▶ _AIM OF THE TASK_
Copy the lines below exactly, starting with the first and finishing with the one holding "NASCAR赛事中,赛车与赛"; do not copy the pictures.

▶ _AVAILABLE DATA_
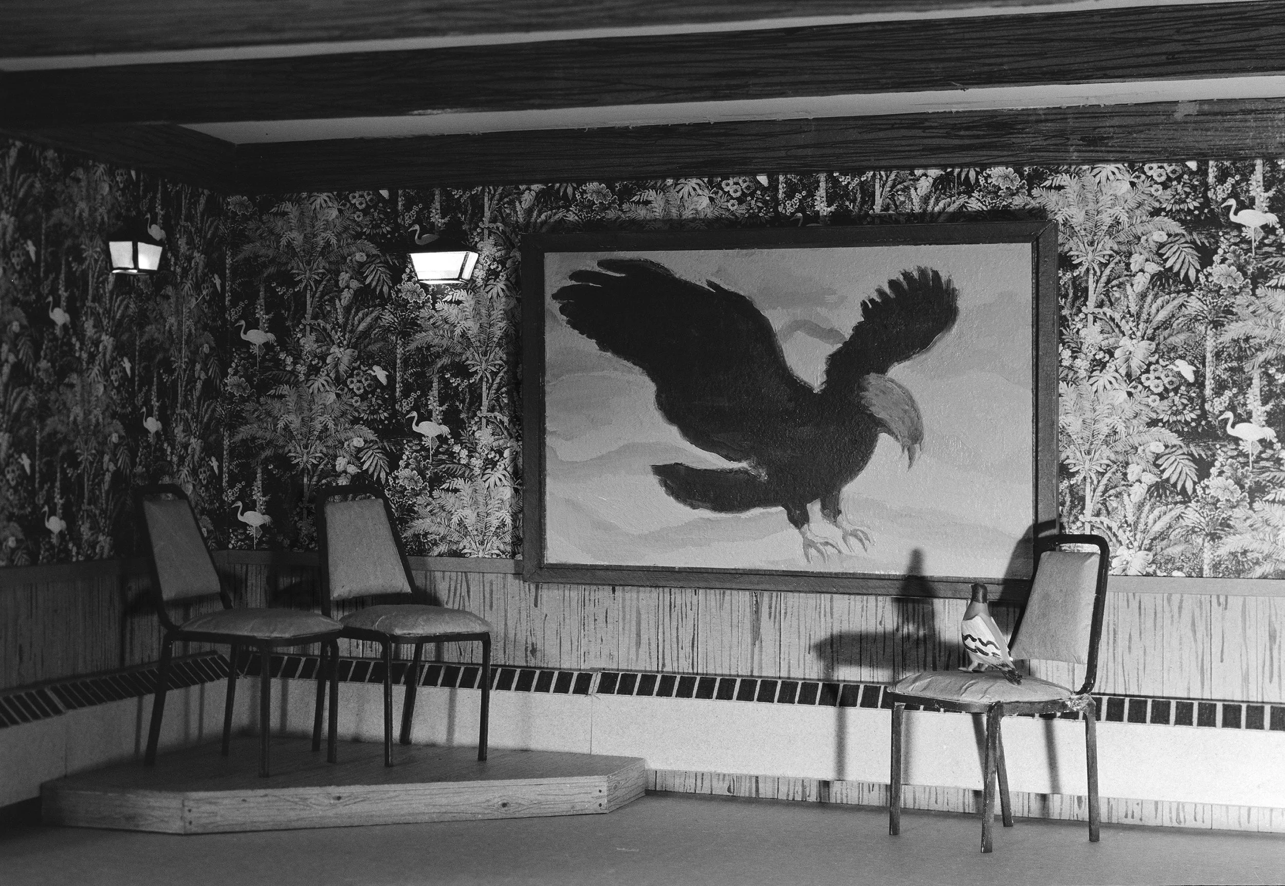 Each photograph begins as a hand-built model, constructed from humble materials like cardboard, tape, and hot glue; unsophisticated materials that retain a certain cogency and drabness when captured in a photograph. These unpretentious components aid the viewer in feeling the uncanniness in the picture. By assembling scenes from both observation and imagination, I’m attempting to excavate the quiet magic of the mundane—to reveal how even the most overlooked spaces are shaped by human folly, fantasy, and desire.
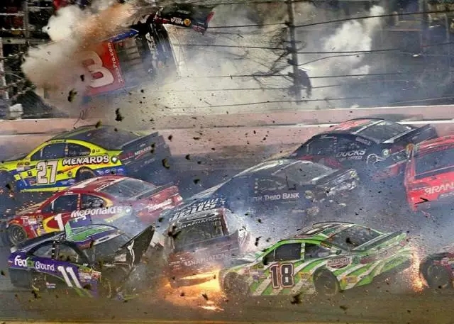NASCAR赛事中,赛车与赛车之间的距离很接近,互相之间很容易干扰,一旦有一辆赛车失控,周围又都是其他赛车,很容易招致连锁反应;而恰好NASCAR的赛车速度飞快,300km/h以上的失控,真的连上帝都没眼看了,再加上赛车之间离的很近,说是打保龄球吧,破坏力完全不是一个能级。其他比赛一次撞车顶多废掉三四台赛车,然而NASCAR一旦连锁反应,轻易就直接扫掉十来台赛车。
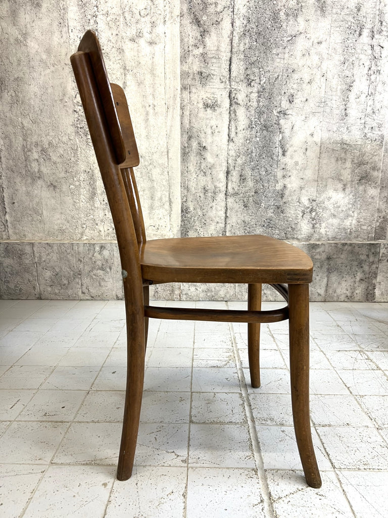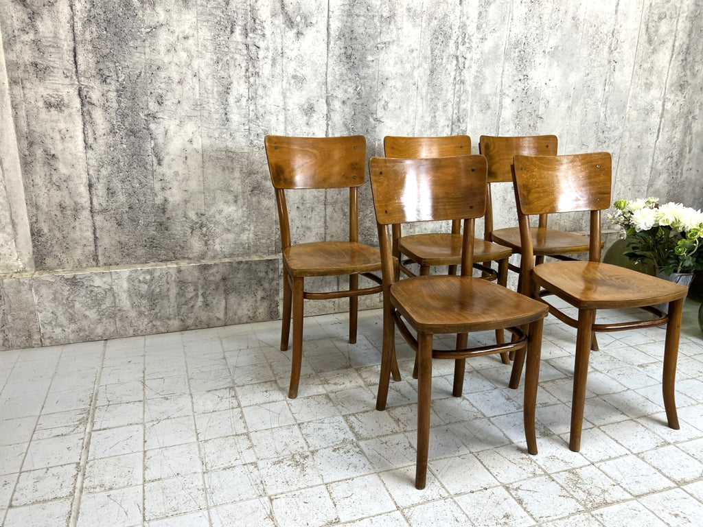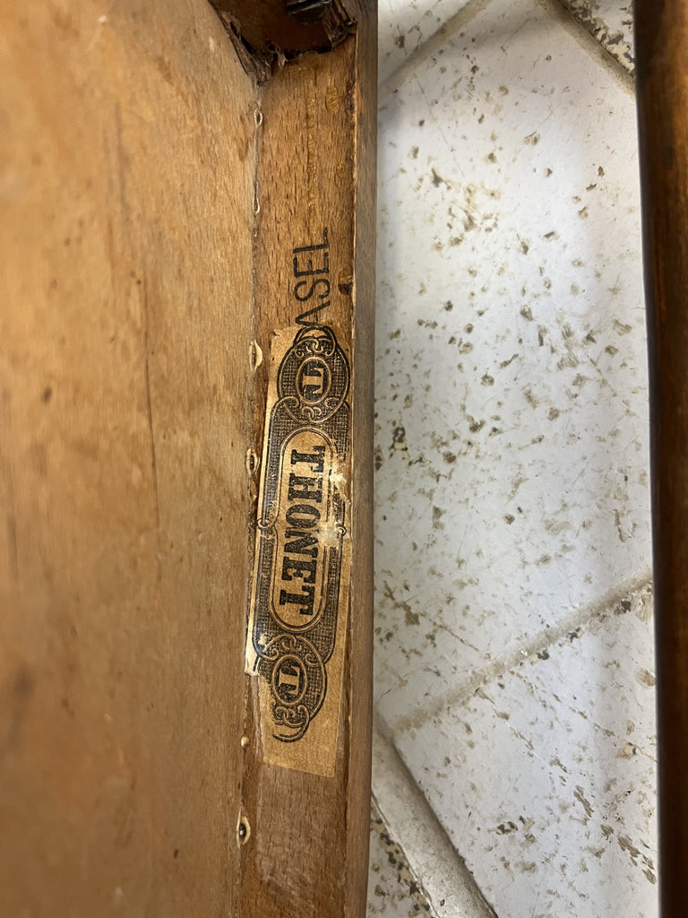 A sturdy set of bistro chairs, with a Thonet makers mark, but something more hidden underneath. A comfortable set in good condition, ready to use in a residential or commercial premises.

▶ _SOLUTION TO THE EXERCISE_
 Each photograph begins as a hand-built model, constructed from humble materials like cardboard, tape, and hot glue; unsophisticated materials that retain a certain cogency and drabness when captured in a photograph. These unpretentious components aid the viewer in feeling the uncanniness in the picture. By assembling scenes from both observation and imagination, I’m attempting to excavate the quiet magic of the mundane—to reveal how even the most overlooked spaces are shaped by human folly, fantasy, and desire.
NASCAR赛事中,赛车与赛车之间的距离很接近,互相之间很容易干扰,一旦有一辆赛车失控,周围又都是其他赛车,很容易招致连锁反应;而恰好NASCAR的赛车速度飞快,300km/h以上的失控,真的连上帝都没眼看了,再加上赛车之间离的很近,说是打保龄球吧,破坏力完全不是一个能级。其他比赛一次撞车顶多废掉三四台赛车,然而NASCAR一旦连锁反应,轻易就直接扫掉十来台赛车。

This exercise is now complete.